Nunca sabremos cómo era el rostro de Jesucristo, uno de los personajes más conocidos y, por ello mismo, más retratado de la historia. Mucho menos, el aspecto de Dios Padre, del cual sólo sabemos que era un varón al cual se le adjudican barbas y una edad de saludable madurez. No obstante, la pregunta queda flotando: ¿qué edad se puede atribuir a un ser eterno, es decir que siempre fue y siempre será, o sea que no puede pasar de una edad a otra?
El asunto tiene su raíz filosófica o, por más afinar, teológica. En sentido estricto, Dios no puede ser un sujeto, es decir estar sujetado por el espacio y el tiempo. Perenne, infinito, omnisciente y omnipotente, ni siquiera se le puede atribuir un nombre. Los filólogos suelen decir que la palabra griega theos significa, justamente, “el o lo que no tiene nombre.”

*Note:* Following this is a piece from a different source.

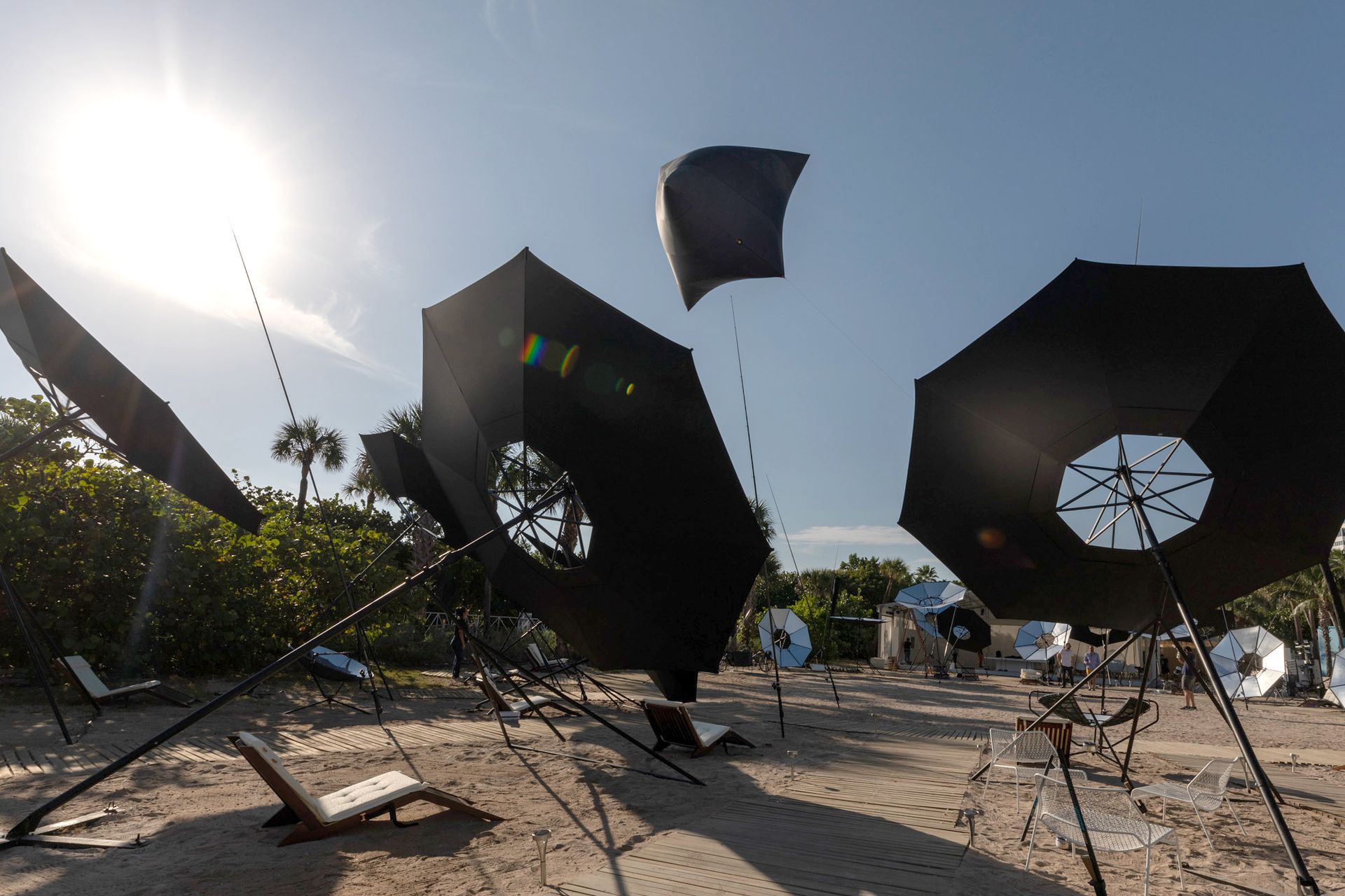The Argentine artist Tomás Saraceno is wowing the crowds in Miami this week with his scientific work of art powered by the Florida sunshine. His Albedo project—comprising a cluster of upturned umbrellas on the Miami Beach seafront—is stopping joggers and dog-walkers in their tracks. The project, sponsored by Audemars Piguet, harnesses the sun’s energy, sending the kite-like Aerocene Explorer sculpture floating into the dazzling Florida sky (although if it’s overcast, the object cannot take off). Saraceno’s ad-hoc solar panel is also feeding local residents. “We’re cooking food provided by eco-farmers from the region,” the artist says. “We’ve been cooking peppers and tamales, and handing them out to homeless people. I want to cook food in my studio [using Albedo], but it might be a bit harder in cloudy Berlin.”

Naturalmente, estas nociones tan intelectuales resultaron siempre demasiado abstractas como para satisfacer la fe de las mayorías. Por eso, los paganismos decidieron multiplicar el número de las divinidades y darles nombre, apellido y retrato. Bien, pero ¿qué hacemos, entonces, con el Dios de los monoteísmos? Lo más eficaz fue encarnarlo y así se nos aparece el Hombre-Dios en la figura de Jesucristo.
El arte se ha ocupado de darle presencia visible y tangible. Al principio se lo veía en majestad, sentado en algún estrado celestial. Luego se lo mostró como Divino Maestro, dando clase con un libro en el regazo. Siempre se lo vestía con someras túnicas. Pero llegó el humanismo y optó por desvestirlo para exhibirlo como un modelo de ser humano. Jesús debía ser bello para que lo fuera también la humanidad y su hermosura, su santa corporeidad, debía exhibirse en tanto paradigma. Ciertamente, no toda su carnalidad era visible y se ocultaban sus partes genitales con el llamado paño de pudor, salvo en alguna pintura alemana del Cuatrocientos o el Bautisterio de Ravenna, donde el Mesías prescinde de gayumbos y demás lienzos.
Al dar cara al Cristo, es decir al Dios encarnado, cada época le otorgó un rostro conforme a los modelos y modas temporales. El mismo ser del que jamás veríamos el rostro peculiar, podía tener rasgos latinos, eslavos, sajones, escandinavos y hasta indígenas de América. Volviendo al principio: el desafío del arte era dar cara y cuerpo a la humanidad salvada por el taumaturgo nazareno.
El asunto cobró su enésima actualidad cuando Salustiano García presentó su cartel para la Semana Santa de Sevilla. Consiste en el retrato de un lindo muchacho de nuestros días, recién salido de una peluquería donde se han cepillado las guedejas que caen sobre sus hombros, y recortado su bigote y sus barbas. El detalle supuestamente escandaloso es que está desnudo y, sorprendido en tal circunstancia, cubre sus partes con una amontonada sábana, como si acabase de salir de una cama.
¿Es este retrato impúdico y blasfemo? Mirada la historia de los Cristos, desde luego que no. Pero, mirada desde la mirada del pornógrafo, sí porque el fenómeno del impudor excitante está más en el mirón que en el objeto mirado. Si contemplo al Mesías de don Salustiano escrutando la sábana, la blasfemia está servida pero no cabe atribuírsela al cartel sino al escandalizado escopófilo. Pido excusas por el tecnicismo y su pedantería. Es que el rostro de Dios lo merece.